● Exercise prompt
Please copy out the full listing that follows exactly; no picture belongs in the copy.

● Dataset excerpt

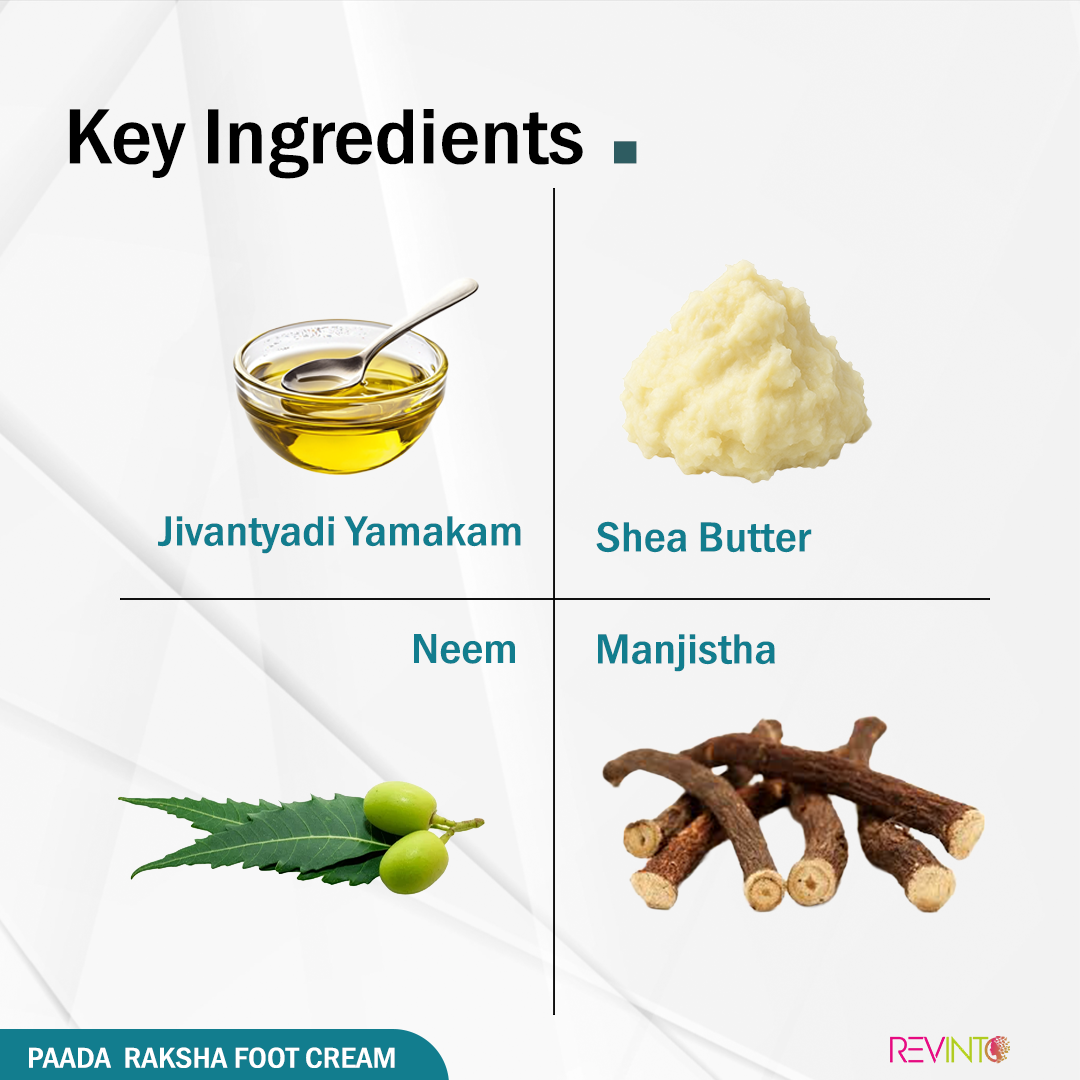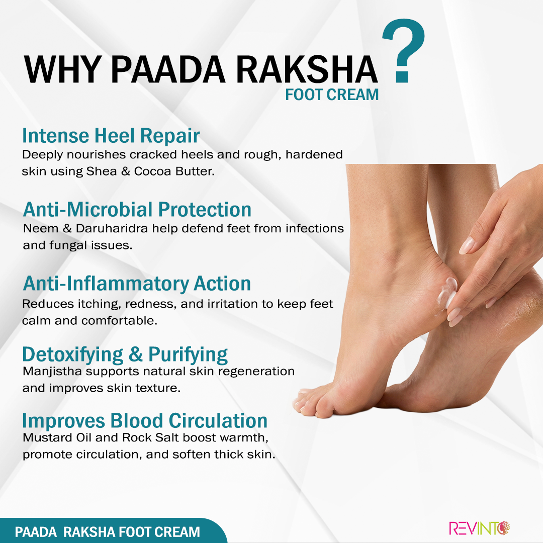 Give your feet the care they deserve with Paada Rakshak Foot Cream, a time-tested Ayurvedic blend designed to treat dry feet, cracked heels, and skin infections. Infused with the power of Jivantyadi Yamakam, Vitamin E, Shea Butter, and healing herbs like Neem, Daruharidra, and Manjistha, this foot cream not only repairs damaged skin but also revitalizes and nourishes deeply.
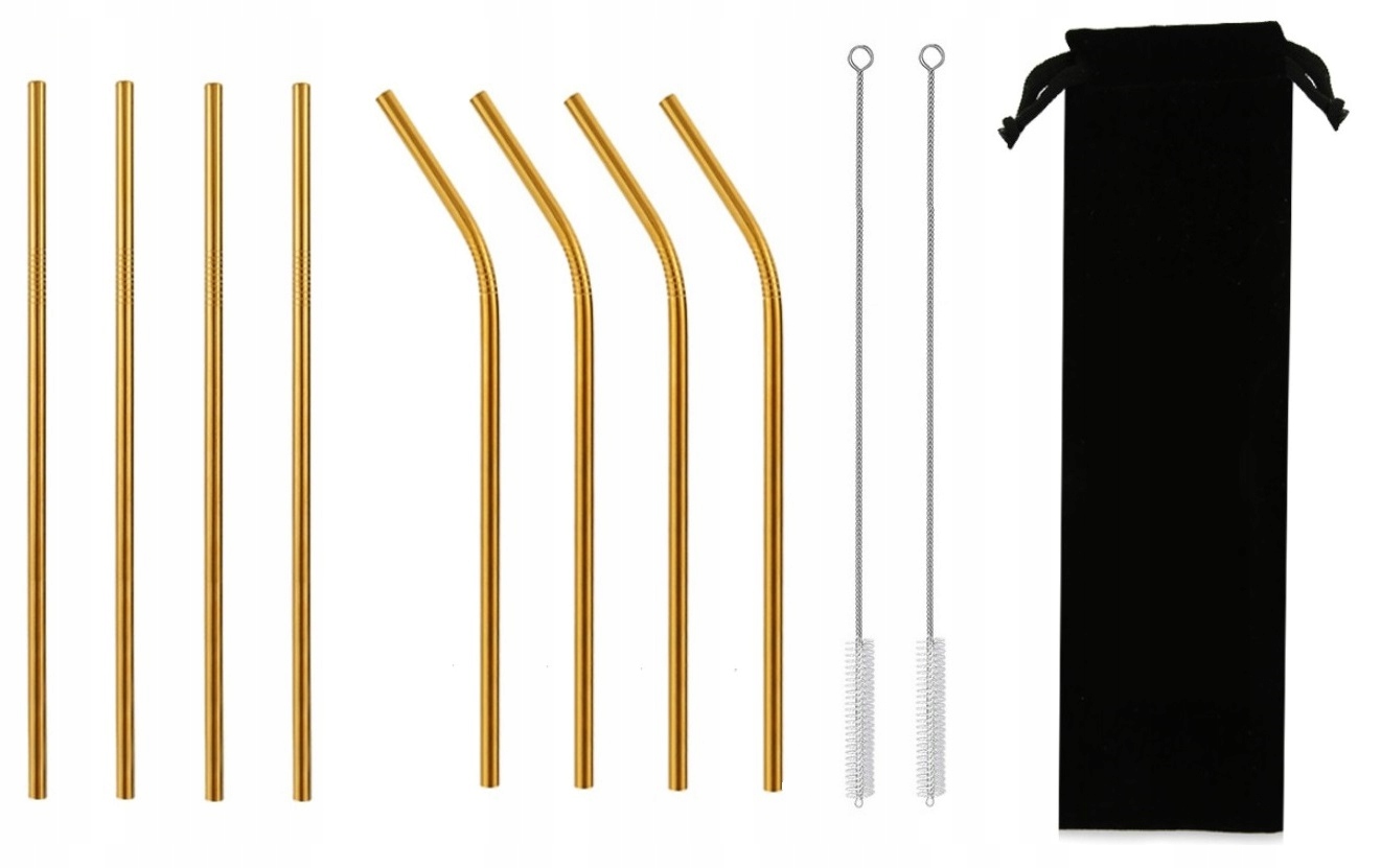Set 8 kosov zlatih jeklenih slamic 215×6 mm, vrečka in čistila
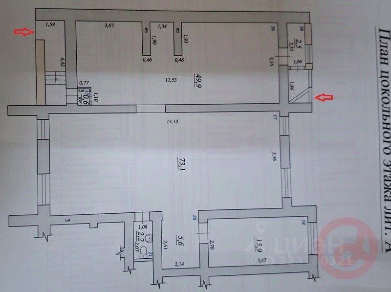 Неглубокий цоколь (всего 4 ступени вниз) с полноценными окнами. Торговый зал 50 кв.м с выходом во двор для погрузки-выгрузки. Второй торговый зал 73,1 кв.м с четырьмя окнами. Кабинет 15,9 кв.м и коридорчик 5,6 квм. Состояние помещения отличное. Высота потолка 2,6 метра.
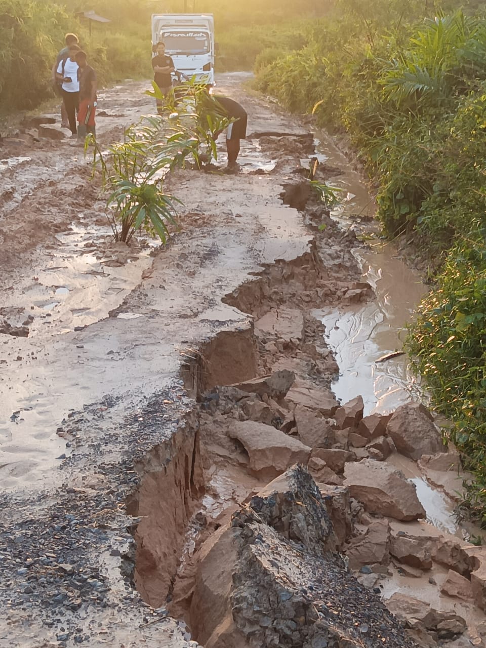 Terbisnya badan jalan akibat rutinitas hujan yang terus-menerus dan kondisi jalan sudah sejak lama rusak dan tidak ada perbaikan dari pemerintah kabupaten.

● Output for this task
 Give your feet the care they deserve with Paada Rakshak Foot Cream, a time-tested Ayurvedic blend designed to treat dry feet, cracked heels, and skin infections. Infused with the power of Jivantyadi Yamakam, Vitamin E, Shea Butter, and healing herbs like Neem, Daruharidra, and Manjistha, this foot cream not only repairs damaged skin but also revitalizes and nourishes deeply.
Set 8 kosov zlatih jeklenih slamic 215×6 mm, vrečka in čistila
 Неглубокий цоколь (всего 4 ступени вниз) с полноценными окнами. Торговый зал 50 кв.м с выходом во двор для погрузки-выгрузки. Второй торговый зал 73,1 кв.м с четырьмя окнами. Кабинет 15,9 кв.м и коридорчик 5,6 квм. Состояние помещения отличное. Высота потолка 2,6 метра.
 Terbisnya badan jalan akibat rutinitas hujan yang terus-menerus dan kondisi jalan sudah sejak lama rusak dan tidak ada perbaikan dari pemerintah kabupaten.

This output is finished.